CBS got pressure for that statement. They fired him within a few days of it. The whole thing was forgotten, because his removal had swept the broader issue under the rug. But race relations certainly didn’t improve because of it. His appearances could have served as a constant reminder of how far we have to go in this country until those kinds of words have no value on football Sundays.

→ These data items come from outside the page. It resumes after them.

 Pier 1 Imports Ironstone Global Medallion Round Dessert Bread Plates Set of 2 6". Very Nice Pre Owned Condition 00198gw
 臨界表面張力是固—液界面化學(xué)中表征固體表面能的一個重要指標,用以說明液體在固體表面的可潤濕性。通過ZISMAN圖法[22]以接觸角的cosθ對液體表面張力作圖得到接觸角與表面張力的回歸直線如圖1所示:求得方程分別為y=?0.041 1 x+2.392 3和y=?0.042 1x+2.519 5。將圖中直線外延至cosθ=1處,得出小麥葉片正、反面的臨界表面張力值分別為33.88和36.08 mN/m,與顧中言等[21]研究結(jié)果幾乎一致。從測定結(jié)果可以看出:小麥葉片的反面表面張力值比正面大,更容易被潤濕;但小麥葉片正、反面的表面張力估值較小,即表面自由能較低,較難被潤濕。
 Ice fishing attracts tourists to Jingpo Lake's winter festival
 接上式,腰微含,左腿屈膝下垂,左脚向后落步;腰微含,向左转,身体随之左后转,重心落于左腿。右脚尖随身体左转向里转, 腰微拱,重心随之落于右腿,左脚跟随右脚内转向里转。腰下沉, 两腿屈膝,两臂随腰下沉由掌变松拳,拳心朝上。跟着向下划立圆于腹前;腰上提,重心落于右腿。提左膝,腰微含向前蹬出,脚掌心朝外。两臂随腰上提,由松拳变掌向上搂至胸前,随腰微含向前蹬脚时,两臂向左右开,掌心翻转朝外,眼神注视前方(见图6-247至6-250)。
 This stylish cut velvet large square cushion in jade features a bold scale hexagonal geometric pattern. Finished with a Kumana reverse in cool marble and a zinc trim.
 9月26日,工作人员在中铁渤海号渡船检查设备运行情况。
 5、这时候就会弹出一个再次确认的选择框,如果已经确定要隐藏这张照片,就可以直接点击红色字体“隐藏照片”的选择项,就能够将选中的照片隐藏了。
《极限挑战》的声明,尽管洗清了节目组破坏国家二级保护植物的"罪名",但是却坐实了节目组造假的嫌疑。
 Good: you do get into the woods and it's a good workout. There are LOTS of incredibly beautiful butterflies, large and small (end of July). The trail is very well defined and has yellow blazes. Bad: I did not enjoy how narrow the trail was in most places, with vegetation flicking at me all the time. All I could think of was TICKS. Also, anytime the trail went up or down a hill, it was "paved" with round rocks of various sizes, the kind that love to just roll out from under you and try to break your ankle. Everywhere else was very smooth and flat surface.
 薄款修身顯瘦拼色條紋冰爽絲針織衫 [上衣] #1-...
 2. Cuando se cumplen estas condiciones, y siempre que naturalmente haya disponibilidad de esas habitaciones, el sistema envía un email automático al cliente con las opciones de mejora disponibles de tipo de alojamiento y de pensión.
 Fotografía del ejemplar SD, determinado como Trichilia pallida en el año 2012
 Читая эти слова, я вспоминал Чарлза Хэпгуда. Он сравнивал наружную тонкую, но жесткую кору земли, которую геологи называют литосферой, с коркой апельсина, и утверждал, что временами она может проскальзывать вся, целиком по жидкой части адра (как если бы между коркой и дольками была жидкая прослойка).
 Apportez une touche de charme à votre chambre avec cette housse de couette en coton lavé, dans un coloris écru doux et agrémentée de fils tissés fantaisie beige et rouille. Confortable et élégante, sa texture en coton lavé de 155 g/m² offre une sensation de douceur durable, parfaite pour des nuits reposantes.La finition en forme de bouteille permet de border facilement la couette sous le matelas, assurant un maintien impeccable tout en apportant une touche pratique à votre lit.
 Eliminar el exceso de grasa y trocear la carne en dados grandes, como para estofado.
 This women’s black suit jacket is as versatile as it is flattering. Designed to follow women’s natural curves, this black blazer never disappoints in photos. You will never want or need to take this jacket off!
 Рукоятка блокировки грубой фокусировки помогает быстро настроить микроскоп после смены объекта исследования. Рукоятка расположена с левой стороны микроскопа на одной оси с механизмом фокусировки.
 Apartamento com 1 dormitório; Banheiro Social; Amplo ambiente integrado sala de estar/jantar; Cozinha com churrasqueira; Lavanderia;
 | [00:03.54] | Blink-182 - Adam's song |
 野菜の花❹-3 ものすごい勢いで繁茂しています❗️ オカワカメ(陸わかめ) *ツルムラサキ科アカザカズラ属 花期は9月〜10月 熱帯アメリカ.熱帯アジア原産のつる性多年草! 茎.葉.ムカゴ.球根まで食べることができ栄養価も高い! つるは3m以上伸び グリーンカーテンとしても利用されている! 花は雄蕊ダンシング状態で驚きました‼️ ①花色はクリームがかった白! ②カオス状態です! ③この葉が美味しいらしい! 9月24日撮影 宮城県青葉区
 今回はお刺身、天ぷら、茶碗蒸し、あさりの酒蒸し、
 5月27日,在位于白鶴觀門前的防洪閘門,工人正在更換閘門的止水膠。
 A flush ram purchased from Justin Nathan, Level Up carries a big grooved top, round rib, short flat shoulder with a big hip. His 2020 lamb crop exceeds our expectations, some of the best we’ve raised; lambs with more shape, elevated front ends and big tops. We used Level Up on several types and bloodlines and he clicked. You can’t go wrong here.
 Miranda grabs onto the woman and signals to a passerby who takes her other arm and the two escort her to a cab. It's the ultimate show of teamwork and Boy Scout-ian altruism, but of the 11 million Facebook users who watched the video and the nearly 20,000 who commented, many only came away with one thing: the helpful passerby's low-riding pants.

Don Imus is now fading, but because he’s no longer in full public view, all that’s left are people who’ve returned to their usual shouting matches about those things that even Imus, himself, is saying is unimportant here. This had nothing to do with Jesse Jackson, Al Sharpton, hip hop music and its influence. It came as a direct result of Don Imus tailoring his employment options, by resorting to saying in public what he could have gotten away with in private.

His dismissal really doesn’t solve the broader issue. I would have preferred to tune him in every morning, just to watch him self-edit until he passed out! I would have like to have seen him take a drastic cut in pay, send what he used to make to the United Negro College Fund, and view him making nice to anybody with dark skin. He’d even try to make kiss up to people with suntans, but that would have been ok.

Instead, we’re left with a debate among people who don’t really seem to know how the other person feels.

We’re back to point zero. I can say this. This week Al Owens agreed with Ann Coulter. There is some hope.

I just wish the rest of America would stop, take a deep breath and say, “Come on damn it, we’re better than this”!

C. Vivian Stringer’s biography, tentatively titled “Stepping Up and Standing Tall”, is due out in book stores next year.